--%>

Explain the polymers and its types.

Polymers are the chief products of modern chemical industry which form the backbone of present society. Daily life without the discovery and varied applications of polymers would not have been easier and colourful. The materials made of polymers find multifarious uses and applications in all walks of our life. They have influenced our day to day life to such an extent that it is impossible to get through the day without using a material based on polymers. Common examples of these include plastic dishes, cups, non-stick. Pans, automobile tyres and seat covers, plastic bags, rain coats, plastic pipes and fitting radio, TV and computer cabinets; wide range of synthetic fibres for clothing, synthetic glues, flooring materials and materials for biomedical and surgical operations. 

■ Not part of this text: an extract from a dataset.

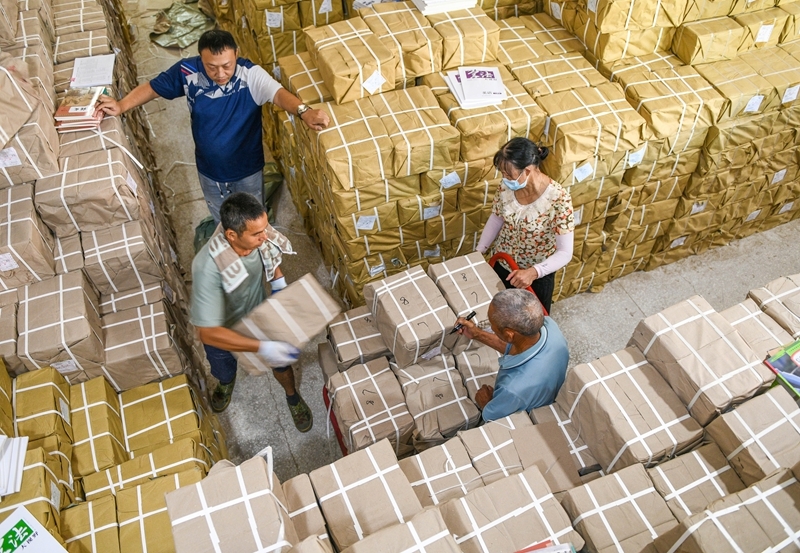 8月25日,在湖南省永州市道縣新華書(shū)店倉(cāng)庫(kù),工作人員在搬運(yùn)新學(xué)期教材。

Word polymer means "many parts" (Greek: poly means many and merors means parts). A polymer is a compound of high molecular mass created by the mixture of large number of small molecules. The small molecules which comprise the repeating units in a polymer are known as monomer units. The process by which the monomers are transformed into polymer is called polymerization. For example, polyethylene is a polymer which is obtained by the polymerization of ethylene. The ethylene molecules are referred to as monomer units.
1000_Polymers.png 
As polymers are single and giant molecules, i.e. big size molecules, they are also known as macromolecules.

Homopolymers and copolymers

Polymers are divided into two broad categories depending upon the nature of the repeating structural units. These are homopolymers and co-polymers.

The polymer formed from one kind of monomer is called homopolymers while polymer formed from more than one kind of monomer units is called copolymer or mixed polymer. For example, polyethylene is an example of homopolymers whereas Buna-S rubber which is formed from 1, 3-butadiene (CH2 = CH - CH = CH2) and styrene (C6H5CH = CH2) is an example of copolymer. 

 

 

 

   Related Questions in Chemistry

  • Q : Strength of Nacl in solution To 5.85gm

    To 5.85gm of Nacl one kg of water is added to prepare of solution. What is the strength of Nacl in this solution (mol. wt. of nacl = 58.5)? (a) 0.1 Normal (b) 0.1 Molal (c) 0.1 Molar (d) 0.1 FormalAnswer:

  • Q : Polymers comparison of biodegradable

    comparison of biodegradable and non-biodegradable polymers

  • Q : Chemistry brief discription of relative

    brief discription of relative lowering of vapour pressure

  • Q : Problem based on mole concept Choose

    Choose the right answer from following. An aqueous solution of glucose is 10% in strength. The volume in which mole of it is dissolved will be : (a) 18 litre (b) 9 litre (c) 0.9 litre (d) 1.8 litre

  • Q : Osmotic Pressure The O.P. (Osmotic

    The O.P. (Osmotic Pressure) of equimolar solution of Urea, BaCl2 and AlCl3, will be in the order:(a) AlCl3 > BaCl2 > Urea  (b) BaCl2 > AlCl3 > Urea  (c) Urea > BaCl2<

  • Q : Problem related to molarity Provide

    Provide solution of this question. Increasing the temperature of an aqueous solution will cause: (a) Decrease in molality (b) Decrease in molarity (c) Decrease in mole fraction (d) Decrease in % w/w

  • Q : Explain physical properties of

    . Boiling pointsThe boiling points of monohalogen derivatives of benzene, which are all liquids, follow the orderIodo > Bromo > ChloroThe boiling points of isomeric dihalobe

  • Q : Calculating total number of moles

    Choose the right answer from following. While 90 gm of water is mixed with 300 gm of acetic acid. The total number of moles will be: (a)5 (b)10 (c)15 (d)20

  • Q : Homework Silicon has three naturally

    Silicon has three naturally occurring isotopes. 28Si, mass = 27.976927; 29Si, mass = 28.976495; 30Si, mass = 29.973770 and 3.10% abundance. What is the abundance of 28Si?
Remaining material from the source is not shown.